In gara 5, sull’80-77 per Milano, Livorno aveva Alberto Tonut in contropiede dopo una palla persa da D’Antoni. Nessuno in quel momento realizzò che il tuffo con cui McAdoo gli deviò la palla oltre la linea di fondo sarebbe diventato probabilmente il singolo atto più famoso nella storia dell’Olimpia o dell’intero basket italiano. La bellezza del gesto è indescrivibile, il cuore ancora di più. La sorpresa è di Tonut: intento a proteggersi da Albert King, che gli corre accanto alla sua sinistra, si volta senza capire come abbia fatto la palla a sfuggirgli di mano. In quel momento, come un siluro, McAdoo completa il tuffo tra le braccia di operatori tv, fotografi e tifosi appollaiati tutti sulla linea di fondo. “So che se ne parla ancora – dice McAdoo –fu una giocata atipica perché ammetto che in tanti anni di NBA non avevo mai fatto nulla di simile. Non so cosa sia scattato”. “Eravamo abituati alle sue gesta, a cose incredibili, lo vedevamo tutti i giorni in allenamento quindi sul momento l’ho archiviato come un’altra grande giocata di Bob, per quanto inusuale per lui – disse il povero Casalini qualche anno dopo – È dopo, a mente fredda, che resti basito”.

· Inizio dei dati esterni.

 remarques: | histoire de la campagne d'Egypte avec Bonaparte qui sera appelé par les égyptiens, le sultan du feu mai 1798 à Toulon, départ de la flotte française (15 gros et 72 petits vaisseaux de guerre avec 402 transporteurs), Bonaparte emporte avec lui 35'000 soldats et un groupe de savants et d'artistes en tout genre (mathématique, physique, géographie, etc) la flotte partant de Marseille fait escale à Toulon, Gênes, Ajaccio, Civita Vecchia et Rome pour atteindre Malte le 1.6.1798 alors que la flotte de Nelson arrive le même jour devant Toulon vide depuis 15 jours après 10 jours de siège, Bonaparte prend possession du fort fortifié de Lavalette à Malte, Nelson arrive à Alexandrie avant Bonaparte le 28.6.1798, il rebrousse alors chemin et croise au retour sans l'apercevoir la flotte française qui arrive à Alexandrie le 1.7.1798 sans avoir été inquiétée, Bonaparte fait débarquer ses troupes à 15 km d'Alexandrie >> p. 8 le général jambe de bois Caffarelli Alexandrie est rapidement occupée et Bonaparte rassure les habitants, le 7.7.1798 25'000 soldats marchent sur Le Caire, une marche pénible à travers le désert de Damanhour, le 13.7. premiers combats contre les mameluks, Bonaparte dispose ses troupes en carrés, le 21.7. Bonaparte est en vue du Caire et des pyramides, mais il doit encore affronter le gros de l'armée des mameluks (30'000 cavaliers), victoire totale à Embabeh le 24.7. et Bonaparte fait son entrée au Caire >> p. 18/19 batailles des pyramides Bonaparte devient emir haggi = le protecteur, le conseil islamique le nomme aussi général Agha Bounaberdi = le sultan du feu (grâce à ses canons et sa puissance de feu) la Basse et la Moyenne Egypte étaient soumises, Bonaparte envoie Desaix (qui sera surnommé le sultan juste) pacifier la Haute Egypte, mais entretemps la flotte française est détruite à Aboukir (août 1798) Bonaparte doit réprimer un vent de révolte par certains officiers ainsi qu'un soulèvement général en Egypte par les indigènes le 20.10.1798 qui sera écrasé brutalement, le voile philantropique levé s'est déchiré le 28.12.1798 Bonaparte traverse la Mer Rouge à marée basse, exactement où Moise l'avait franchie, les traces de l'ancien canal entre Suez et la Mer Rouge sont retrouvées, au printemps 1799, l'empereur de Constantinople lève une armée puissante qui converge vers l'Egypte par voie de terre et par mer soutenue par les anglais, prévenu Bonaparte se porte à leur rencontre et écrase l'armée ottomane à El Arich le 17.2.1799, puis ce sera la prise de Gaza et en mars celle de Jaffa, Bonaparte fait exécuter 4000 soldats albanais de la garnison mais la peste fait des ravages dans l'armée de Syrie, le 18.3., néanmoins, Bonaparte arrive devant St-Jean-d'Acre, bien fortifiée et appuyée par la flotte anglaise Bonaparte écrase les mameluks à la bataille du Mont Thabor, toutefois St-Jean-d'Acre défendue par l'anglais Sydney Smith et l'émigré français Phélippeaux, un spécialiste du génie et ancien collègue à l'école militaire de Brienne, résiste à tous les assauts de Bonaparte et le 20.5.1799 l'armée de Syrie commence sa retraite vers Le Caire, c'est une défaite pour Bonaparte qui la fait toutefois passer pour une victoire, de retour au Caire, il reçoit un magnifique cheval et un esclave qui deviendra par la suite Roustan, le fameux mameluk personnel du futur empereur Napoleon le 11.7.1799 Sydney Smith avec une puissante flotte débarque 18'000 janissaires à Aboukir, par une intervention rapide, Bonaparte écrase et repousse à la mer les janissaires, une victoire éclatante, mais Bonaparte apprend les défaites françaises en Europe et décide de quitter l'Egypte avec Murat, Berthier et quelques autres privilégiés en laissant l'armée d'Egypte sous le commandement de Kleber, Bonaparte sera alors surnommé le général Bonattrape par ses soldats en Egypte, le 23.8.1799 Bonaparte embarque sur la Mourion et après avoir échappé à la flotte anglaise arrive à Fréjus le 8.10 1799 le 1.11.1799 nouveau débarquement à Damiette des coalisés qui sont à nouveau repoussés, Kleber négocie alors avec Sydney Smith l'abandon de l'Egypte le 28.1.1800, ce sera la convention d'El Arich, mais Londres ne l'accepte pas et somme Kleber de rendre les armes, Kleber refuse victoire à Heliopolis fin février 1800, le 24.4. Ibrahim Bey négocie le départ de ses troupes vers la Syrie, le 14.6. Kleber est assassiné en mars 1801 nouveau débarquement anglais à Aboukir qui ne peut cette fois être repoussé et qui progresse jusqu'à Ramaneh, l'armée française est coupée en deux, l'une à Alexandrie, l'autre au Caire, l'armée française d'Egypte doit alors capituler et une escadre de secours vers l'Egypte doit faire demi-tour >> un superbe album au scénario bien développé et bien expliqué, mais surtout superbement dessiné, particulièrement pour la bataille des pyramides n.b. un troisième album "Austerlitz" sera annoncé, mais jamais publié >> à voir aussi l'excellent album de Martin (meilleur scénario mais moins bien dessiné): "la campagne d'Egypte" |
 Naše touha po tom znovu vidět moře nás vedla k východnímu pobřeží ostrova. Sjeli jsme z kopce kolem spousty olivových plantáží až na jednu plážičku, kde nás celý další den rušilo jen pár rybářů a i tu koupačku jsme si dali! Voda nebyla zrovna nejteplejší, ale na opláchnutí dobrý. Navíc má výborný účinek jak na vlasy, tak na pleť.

Dopo Milano, McAdoo avrebbe giocato a Forlì e poi addirittura due partite a Fabriano a carriera finita. Nel 1991 perse la moglie Charlina, un’ex Laker Girl che aveva fondato il “Dance Team” dell’Olimpia, il primo, assieme a Laurel D’Antoni. A Forlì avrebbe poi conosciuto e sposato Patrizia che con lui sarebbe rientrata negli Stati Uniti dove Bob ha avuto una buona carriera da assistente allenatore dei Miami Heat, voluto ancora da Pat Riley.